The success of targeted therapies is particularly remarkable given the intratumoral heterogeneity displayed by many cancers, a feature recognized long ago by pathologists and clinicians. To date, most treatment strategies have ignored this issue of heterogeneity, and have rather utilized a uniform rather than tailored approach to therapy. This thematic issue provides a timely overview of emerging insights into understanding tumor heterogeneity as viewed through the prism of stem cell biology.

How does tumor heterogeneity arise? Tumors have long been viewed as a caricature of normal development that has gone awry. From that perspective, cellular heterogeneity represents abortive attempts by tumor cells to undergo functional differentiation. The capacity to prospectively fractionate distinct tumor subpopulations – a relatively new tool for solid tumor biologists borrowed from the hematopoietic field – has enabled researchers to dissect the issue of tumor heterogeneity for the first time. Flow cytometric analysis and cell sorting, coupled with the development of new in vitro and in vivo assays, have enabled the isolation and characterization of distinct subpopulations within tissues. This approach is proving invaluable for exploring the functional and molecular properties of discrete cellular subsets and how they contribute to cancer progression. It also has the potential to reveal important (and hitherto hidden) biomarkers relevant to tumor initiation, propagation and metastasis, thus highlighting new therapeutic targets.

Elucidating the normal cellular hierarchy within tissues is a pre‐requisite to understand the ‘cell of origin’ that is targeted for neoplastic transformation and to gain insights into molecular perturbations that drive transformed cells. Stem cells, which lie at the apex of the normal tissue hierarchy, represent strong candidates as cells of origin, given that they are long‐lived and capable of self‐renewal. These hallmark features are presumably necessary for the sequential acquisition of mutations or epigenetic changes that eventually culminate in cancer. Alternatively, committed progenitor cells or even mature progeny could also serve as cells of origin in cancer. Under these circumstances, cells would need to acquire stem cell‐like properties, such as self‐renewal. Progenitors or transit amplifying cells that are the direct progeny of stem cells represent strong candidates. Moreover, their highly proliferative nature would impart potent growth potential to cells undergoing neoplastic transformation.

The cancer stem cell (CSC) hypothesis has stimulated great interest amongst cancer biologists to explain tumor heterogeneity.
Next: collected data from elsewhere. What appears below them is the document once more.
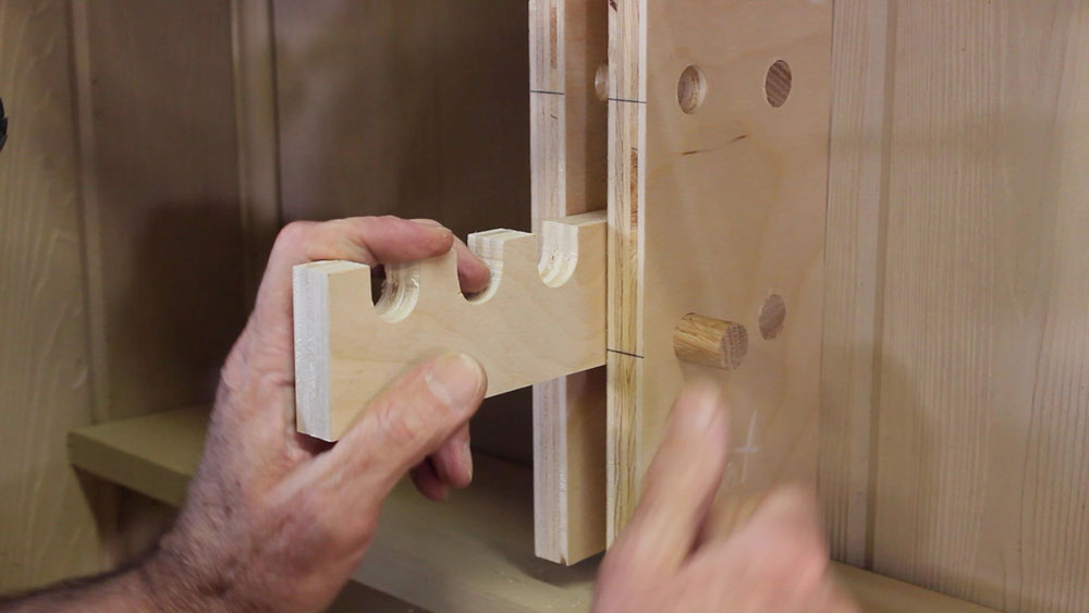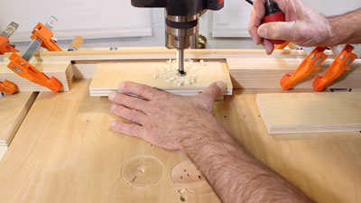 The last step is to cut dowels to slip into the front-side holes. Make these longer so you can grab them to pull them out when you want to reposition the clamp brackets. I made mine 3-1/2" long.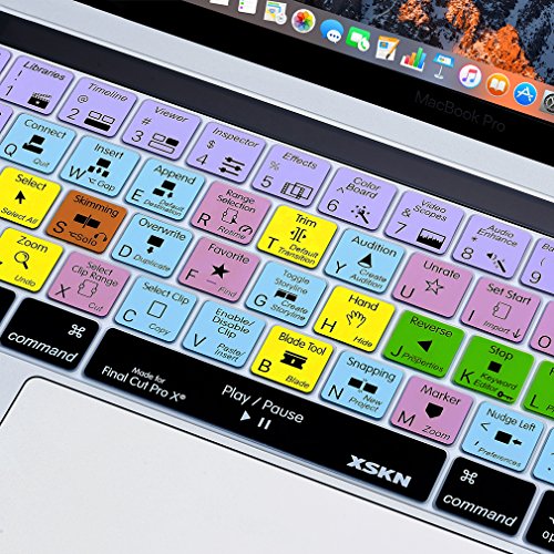 XSKN 2016, pellicola protettiva in silicone per tastiera con shortcut inglese, per modelli multi touchbar MacBook Pro Retina 13" e 15" (A1706 e A1707, tasti piatti, data di rilascio ottobre 2016), layout universale US e UE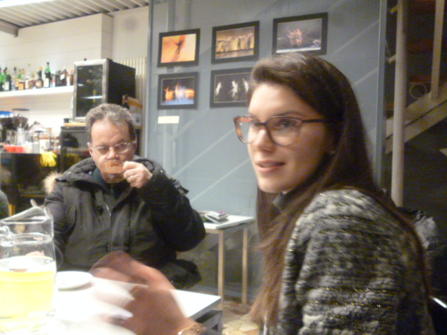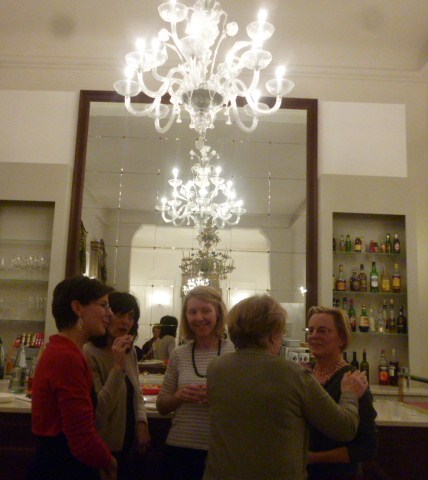 Il pomeriggio prima del concerto ci ritroviamo al Bar del Teatro Zandonai  (luminosità , chiare pareti, specchi , tendaggi verdi, ritratto di un Asburgo dal mento lungo, eleganza ) per i “Momenti Musicali” Incontri con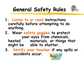 This document outlines various lab safety rules and procedures. It discusses general safety rules like wearing safety goggles and notifying the teacher of any accidents. It also covers glassware safety like using tongs for hot objects and not placing hot glassware in water. Chemical safety procedures include wearing protective equipment when handling hazardous chemicals and never tasting or smelling chemicals. Electrical, heating, and first aid safety procedures are also described. The overall message is to follow all safety guidelines carefully to prevent injuries in the lab.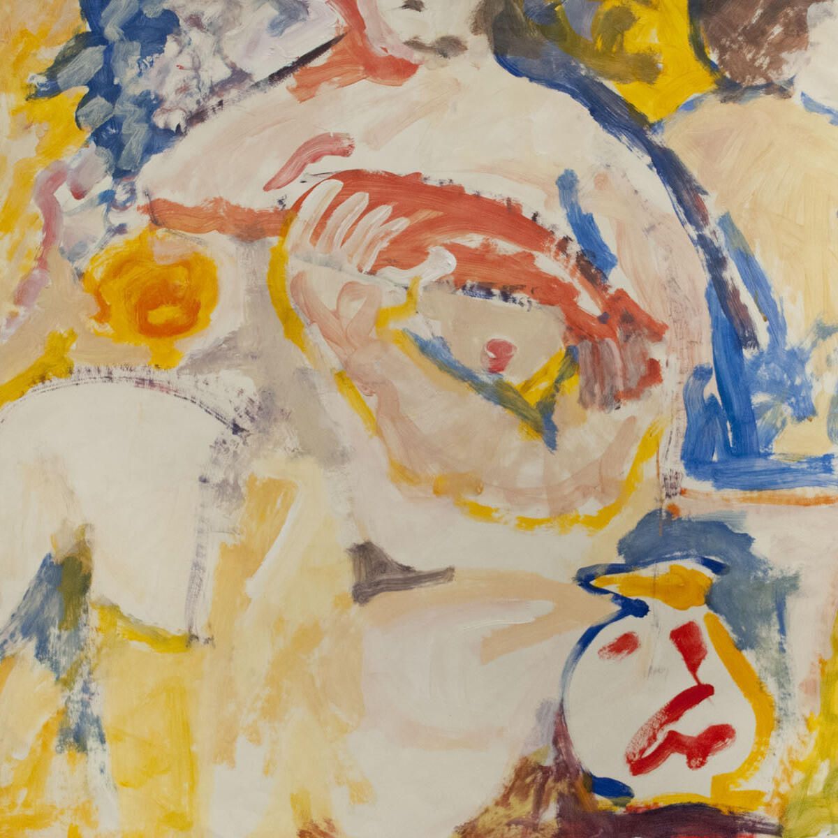 Smudges in borders, some entering image. Pinholes in corners of image. Abrasions and layers of paper removed throughout image. Figure Seated in front of a mirror.Location

This concept is quite distinct from the ‘cell of origin’ and hypothesizes that a subpopulation of cells within a tumor is uniquely capable of propagating the tumor. The stem cell‐like properties of self‐renewal and multipotent differentiation (at least partial) are cardinal features of CSCs. Such properties could be acquired by progenitors along the hierarchy. Alternatively, CSCs could originate in a transformed stem cell. Either way, the CSC hypothesis relies on a hierarchical model to account for tumor heterogeneity and behavior. In contrast to the CSC hypothesis, the stochastic or clonal evolution model, proposes that tumor cells are functionally equivalent in terms of their capacity to propagate tumors. However, distinct populations of cells within a tumor may respond differentially to microenvironmental factors or undergo clonal evolution, thereby accounting for tumor heterogeneity. Importantly, these two models are not mutually exclusive, since clonal evolution could equally be a property of CSCs. This hybrid concept, together with the notion that tumor cells may exhibit phenotypic ‘plasticity’, imparts an extra layer of complexity on understanding tumor heterogeneity.
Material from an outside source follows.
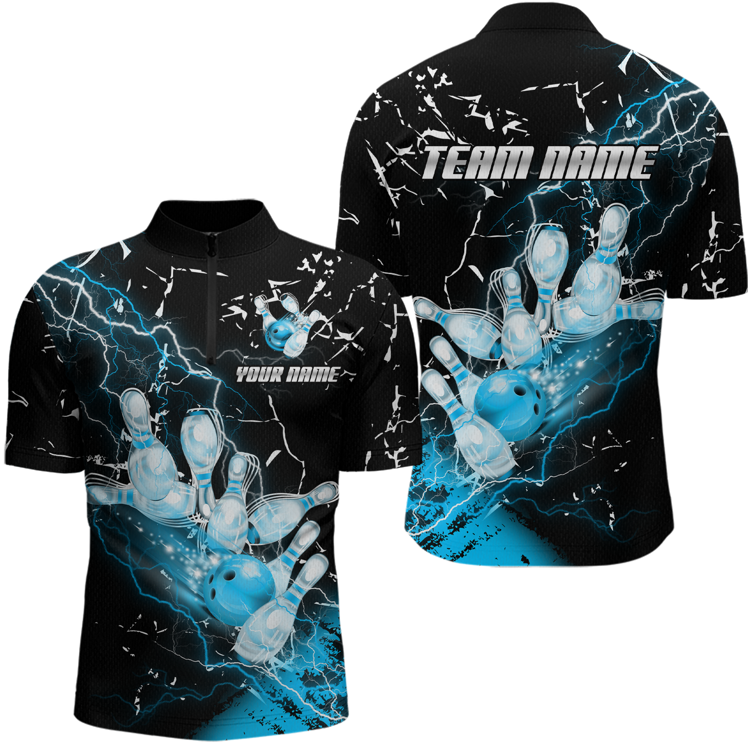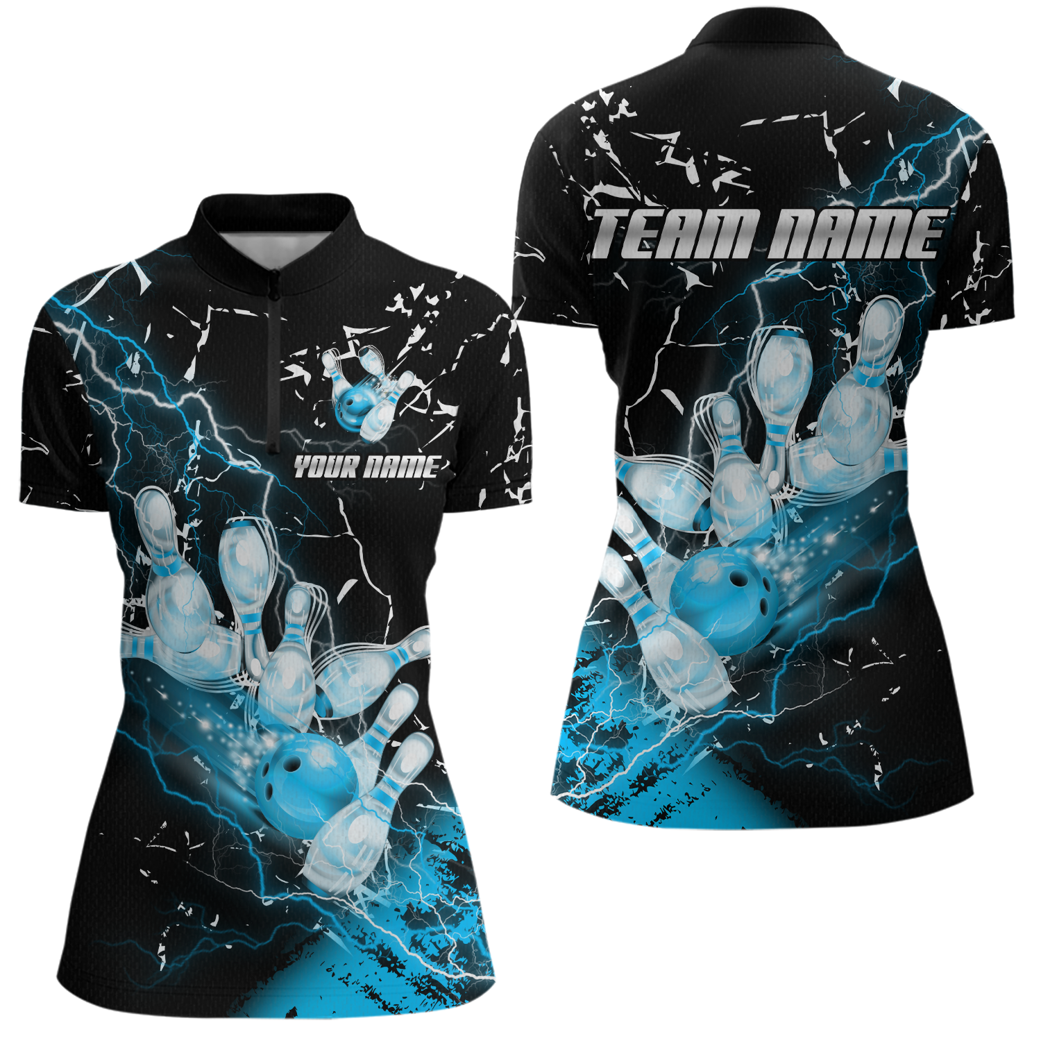 Custom Teal Lightning Bowling Shirts for Men Women Team Bowling Polo & 1/4 Zip MBL80

There are a number of technical challenges and potential pitfalls to studying CSCs, which have helped fuel controversy in the field. Several reviews in this issue address these concerns. For example, variable markers and technical steps have often been used to isolate tumor subpopulations. In some cases, cell lines (which almost certainly have different growth properties from freshly isolated tumor cells) have been studied, while cell culture of primary cells prior to transplantation can change cell surface marker expression. In addition, it is unclear whether in vitro assays such as the sphere‐forming assay selectively enrich for CSCs. In vivo CSC assays that rely on serial tumor transplantation remain the current ‘gold standard’, but even here there has been a growing realization that cellular context (including the site of transplantation, the use of matrices such as Matrigel and the degree of immunosuppression for xenograft models) is a critical parameter.
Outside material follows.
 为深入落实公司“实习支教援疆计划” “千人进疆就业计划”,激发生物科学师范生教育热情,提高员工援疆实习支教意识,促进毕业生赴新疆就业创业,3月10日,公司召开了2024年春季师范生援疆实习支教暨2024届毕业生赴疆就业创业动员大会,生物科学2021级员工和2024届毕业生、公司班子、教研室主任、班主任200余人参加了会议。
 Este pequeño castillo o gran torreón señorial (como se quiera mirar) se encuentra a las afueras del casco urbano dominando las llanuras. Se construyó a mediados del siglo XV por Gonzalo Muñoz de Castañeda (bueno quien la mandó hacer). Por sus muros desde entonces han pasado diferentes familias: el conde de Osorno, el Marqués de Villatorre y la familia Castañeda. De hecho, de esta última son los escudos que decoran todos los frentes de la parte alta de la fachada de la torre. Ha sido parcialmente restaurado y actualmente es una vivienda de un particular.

Three reviews in this issue principally focus on the ‘cell of origin’ question. In their review on the cell of origin in lung cancer, Sutherland and Berns (2010) outline current evidence suggesting that different histological subtypes arise from different cancer‐initiating cells throughout the lung. Evidence to date suggests a bronchioalveolar stem cell (BASC) as a potential early target for K‐ras activation and tumorigenesis in non‐small cell lung cancer (NSCLC). However it remains to be established whether this cell (marked by CC10, SPC) is a true stem cell or an early progenitor. Other subtypes, such as small cell and squamous cell lung cancer may arise from different stem and progenitor cells. Interestingly, although small cell lung cancer appears to have a neuroendocrine origin, a common cell of origin with NSCLC cannot be ruled out, given that some tumors exhibit non‐small cell features. The absence of a robust in vivo assay has been an impediment to delineating lung cancer stem cells and the normal lung epithelial hierarchy. Nevertheless, recent progress has been made in understanding cell types prone to malignant transformation.

In their review, Vries et al. (2010) describe how insights gained from studying Wnt targets have been exploited to identify stem cells in the intestinal and gastric antrum. Notably, the Wnt pathway appears to be one of the main pathways regulating epithelial self‐renewal in the intestine. The Wnt target Lgr5 appears to mark both intestinal and gastric stem cells. Its location at the base of the intestinal crypts and gastric glands helps address a long debated question regarding the precise location of stem cells in these organs. However, as with many discoveries, a new level of complexity is now apparent. In stomach, the existence of two stem cells now seems likely – a self‐renewing Lgr5‐positive stem cell that contributes to the daily renewal of gastric epithelium, as well as a Lgr5‐negative quiescent stem cell that appears to be activated during emergency or inflammatory injury. In the intestine, the stem cell has been shown to act as the cell of origin for tumor development, while lineage‐tracing experiments in the stomach suggest that the Lgr5‐positive stem cell may also be the target for oncogenesis.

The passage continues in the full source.